Ceux qui ont l'habitude de parler en public comprendront bien cette nécessité physiologique. Mieux que personne,ils savent que l'instrument de la pensée ne s'accommode pas toujours à la rapidité de l'inspiration. Parfois les idées (par idées, nous entendons ici vues de l'esprit) arrivent en foule, et confuses; il ne leur manque que la formule expressive; mais cette formule est trop lente dans sa formation, et l'idée fugitive (lá vue de l'esprit) disparaît avant d'avoir reçu par le langage la fixité et la vie. Dans ces circonstances exceptionnelles, l'équilibre indispensable, entre la conception des idées et leur développement complet par le langage, est rompu, et il en résulte une certaine confusion dans les opérations de la pensée.

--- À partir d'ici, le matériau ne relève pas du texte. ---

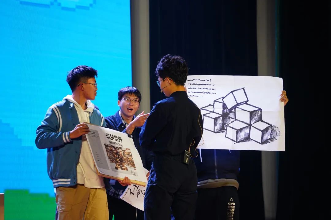 同样是对于做模型体验的演绎,舞台似乎在这几分钟变成了一个放大版的“方案生成场”,伴随着屏幕的loading和来往搬运纸箱的同学,颇有构筑一个梦想中新的小世界的感觉。

Ce défaut d'équilibre est encore mieux apprécié par l'écrivain lorsqu'il veut fixer la pensée parlée, par les signes de l'écriture: très-souvent sa plume est en retard sur sa pensée, et, faute d'une rapidité suffisante dans le dessin, il ne donne qu'une pâle copie des opérations de son esprit. Ce qui n'arrive qu'exceptionnellement pour les bons écrivains constitue l'état physiologique de divers individus.

Beaucoup de personnes, très-intelligentes d'ailleurs, n'arrivent jamais ni à bien parler, ni à bien écrire, parce que, chez elles, la conception de l'idée et la manifestation expressive par le langage ou par l'écriture ne marchent pas de concert; l'ordre et la mesure manquent dans ces opérations mystérieuses, parce que l'instrument se plie difficilement à la rapidité de l'idée, de « la vue de l'esprit » qui veut éclore, et les plus belles conceptions aboutissent souvent à une infécondité regrettable.

On voit un phénomène tout opposé se produire lorsque la rapidité de la formule l'emporte sur la rapidité de la conception. C'est en quelque sorte un dicton populaire, que beaucoup de gens parlent pour ne rien dire. Physiologiquement, on peut se rendre compte de cette infirmité.